#### SUPPLIED RECORDS
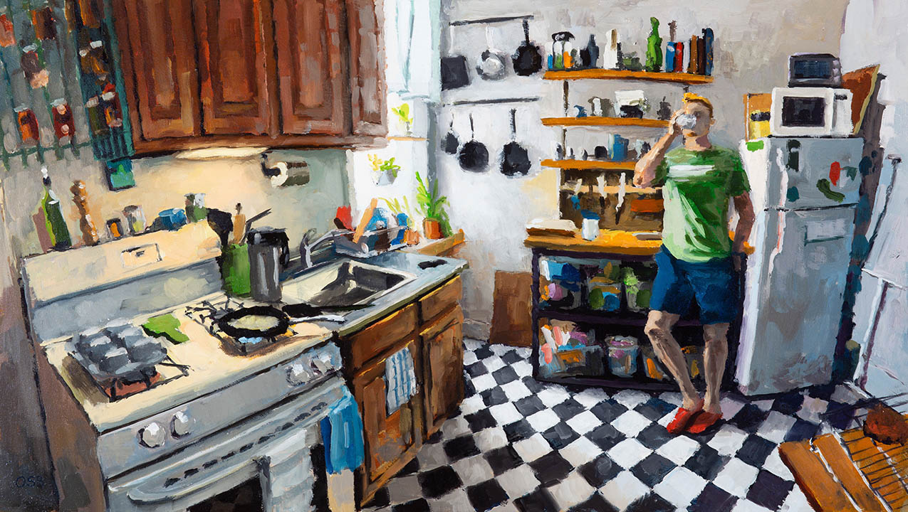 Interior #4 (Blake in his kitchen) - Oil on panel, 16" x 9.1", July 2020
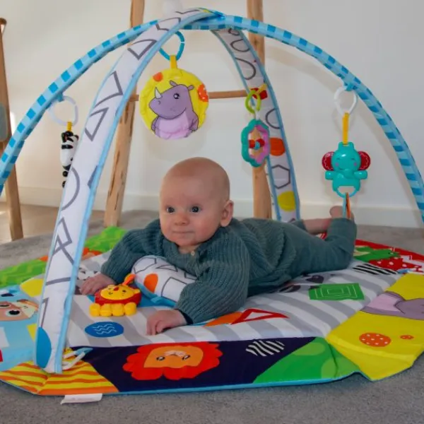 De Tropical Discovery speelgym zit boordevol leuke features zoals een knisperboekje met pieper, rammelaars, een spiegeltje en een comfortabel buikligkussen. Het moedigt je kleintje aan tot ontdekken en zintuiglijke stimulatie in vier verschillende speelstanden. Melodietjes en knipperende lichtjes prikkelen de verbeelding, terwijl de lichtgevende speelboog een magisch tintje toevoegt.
########
#### SUPPLIED RECORDS
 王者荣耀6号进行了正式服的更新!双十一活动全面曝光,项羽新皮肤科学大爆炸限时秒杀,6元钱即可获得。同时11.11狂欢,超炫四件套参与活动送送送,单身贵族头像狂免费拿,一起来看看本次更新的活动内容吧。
########
#### SUPPLIED RECORDS
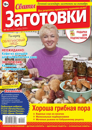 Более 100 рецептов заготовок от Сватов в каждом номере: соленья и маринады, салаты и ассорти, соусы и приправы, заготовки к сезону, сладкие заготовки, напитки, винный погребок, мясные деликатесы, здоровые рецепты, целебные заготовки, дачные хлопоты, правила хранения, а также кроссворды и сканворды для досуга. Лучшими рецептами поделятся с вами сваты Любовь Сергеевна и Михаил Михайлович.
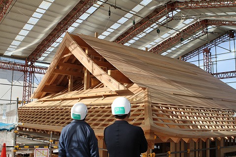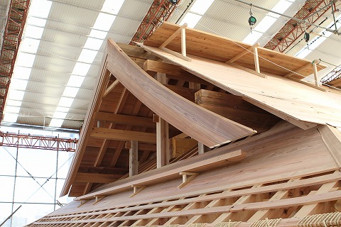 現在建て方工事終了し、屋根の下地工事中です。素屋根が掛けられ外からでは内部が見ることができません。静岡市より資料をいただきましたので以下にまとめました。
########
## EXERCISE DIRECTIONS
Nothing but the lines from the one containing "Более 100 рецептов" through the one containing "現在建て方工事終了し、屋根の" should appear, copied exactly from the material above and without pictures.

## ANSWER TO THIS EXERCISE
 Более 100 рецептов заготовок от Сватов в каждом номере: соленья и маринады, салаты и ассорти, соусы и приправы, заготовки к сезону, сладкие заготовки, напитки, винный погребок, мясные деликатесы, здоровые рецепты, целебные заготовки, дачные хлопоты, правила хранения, а также кроссворды и сканворды для досуга. Лучшими рецептами поделятся с вами сваты Любовь Сергеевна и Михаил Михайлович.
 現在建て方工事終了し、屋根の下地工事中です。素屋根が掛けられ外からでは内部が見ることができません。静岡市より資料をいただきましたので以下にまとめました。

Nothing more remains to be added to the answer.